We further observe from Table 5 that, again, similar hyper-parameters are selected for each data split. For example, the same kernel (Matérn 1) was selected for the first and third data split. Moreover, we see similarities in the first layer matrices A of the kernels. For all three matrices, the entries in the left upper 3 × 3 block are considerably larger than the other entries, which means that the first three modes are the important ones. Compared to Table 3, there are larger differences between the first layers. This can be explained by the fact that in contrast to the MF-feature map, the data-based PCA-feature map is different for all three data splits. This is due to the linear mappings defined by the PCA modes being different in each split.
Lastly, we compare the mean errors averaged over the three different training–test splits in Table 6. We observe that the models based on morphological feature extraction work very well in combination with both one-layered and two-layered kernels. In contrast, combining one-layered kernels with PCA feature extraction yields an average error that is almost one order of magnitude larger. This error is considerably improved by applying two-layered kernels, and almost the same accuracy as with the morphological feature extraction is achieved.

4.4. Runtime Discussion

In this subsection, we compare the runtimes of the different methods in Table 7. We compare the time needed for the computation of the feature map added to the feature extraction time on the test set (first column), the time needed for LOOCV, the training time of the final model and the evaluation time on the test set. Note that the full order model solves and the morphological feature extraction are performed on a different machine (workstation with two Intel Xeon Gold 6240R (48 cores in total)) than the PCA feature extraction and kernel model training (performed on a computer with 64 GB RAM and a 13th Gen Intel i7-13700K processor) due to licensing limitations. We observe that the LOOCV for the two-layered models is way more expensive than for the shallow models, which is due to the optimization of the first layer. However, it is still considerably lower (approximately 30 times for the MF-2L-kernel and 7 times for the PCA-2L-kernel) than the generation of a single training sample (7514 wcs). Furthermore, the LOOCV time and final model training of the MF-kernel models is less expensive than the training on the morphological features. However, the computation of the PCA feature map is less expensive than the computation of the morphological features. Moreover, the evaluation time of the PCA-kernel models is larger than the evaluation of the MF kernel models. Since the computation of the morphological features i.e., the evaluation of Φ MF takes approximately 2 wcs per sample, the MF approaches have a larger overall evaluation time (summing evaluation time of MF extraction and MF-1L-kernel/MF-2L-kernel). Compared to the FOM, this results in a speed-up of almost 6 orders of magnitude for the PCA kernel models and 3 orders of magnitude for the MF kernel models. Nevertheless, in both cases, the evaluation times are considerably lower than the computation of the training samples.

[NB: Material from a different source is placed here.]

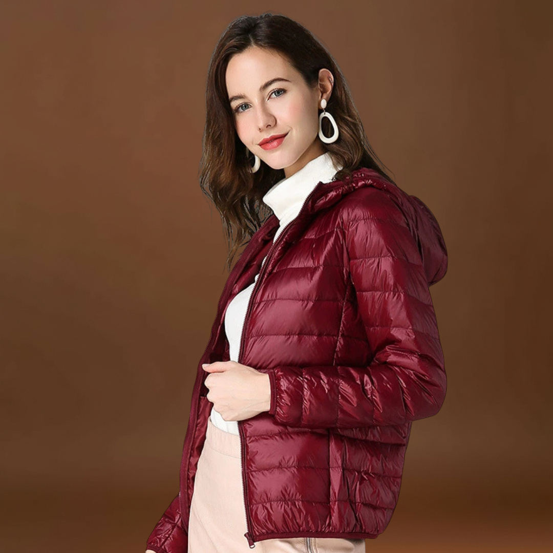 A vízálló technológia biztosítja, hogy védve legyél a váratlan esőktől, míg a puha tollbélés melegen tart anélkül, hogy a kabátot voluminózussá tenné. A finom redők eleganciát adnak, így ez a kabát tökéletes mind a hétköznapi, mind a kifinomultabb összeállításokhoz.

5. Conclusions and Outlook

In this work, we demonstrated how breakthrough curves can be predicted from the geometry of a 3D porous medium. We presented two approaches on how to treat the high dimension of the input data: For the first approach, we computed morphological features of the geometries and learned a mapping from these morphological features to the breakthrough curves. For the second approach, we computed PCA features of the geometry data set and learned a mapping from these PCA features to the breakthrough curve.
We observed that the MF approach worked well in combination with one-layered kernels and that both approaches worked well in combination with two-layered kernels. This is compelling, as the morphological features used in the study are well-known informative and predictive quantities for porous media, and in contrast, the PCA feature extraction approach is purely data-based. Thus, the results indicate the strength of using two-layered kernels, as they automatically adapt to the relevant features. We further observed that the scarce-data situation did not prevent these approaches from easily predicting the high-dimensional outputs.
The future work will focus on how ideas from convolutional neural networks can be combined with the framework of deep multi-layered kernels. Moreover, we will investigate whether data augmentation (rotating/reflecting geometry samples without changing the breakthrough curves) can further improve the PCA-feature approach while avoiding the computation of expensive FOM solutions.

Author Contributions

Conceptualization, R.H., P.B., T.W., B.H., P.T. and O.I.; methodology, R.H., P.B., T.W. and B.H.; software, R.H., P.B., T.W. and P.T.; writing—original draft preparation, R.H., P.B., T.W. and P.T.; writing—review and editing, R.H., P.B., T.W., B.H., P.T. and O.I.; visualization, R.H., P.B., T.W. and P.T.; supervision, B.H. and O.I.; funding acquisition, B.H. and O.I. All authors have read and agreed to the published version of the manuscript.

Funding

Funded by BMBF under the contracts 05M20VSA and 05M20AMD (ML-MORE). The authors acknowledge the funding of the project by the Deutsche Forschungsgemeinschaft (DFG, German Research Foundation) under Germany’s Excellence Strategy - EXC 2075 - 390740016.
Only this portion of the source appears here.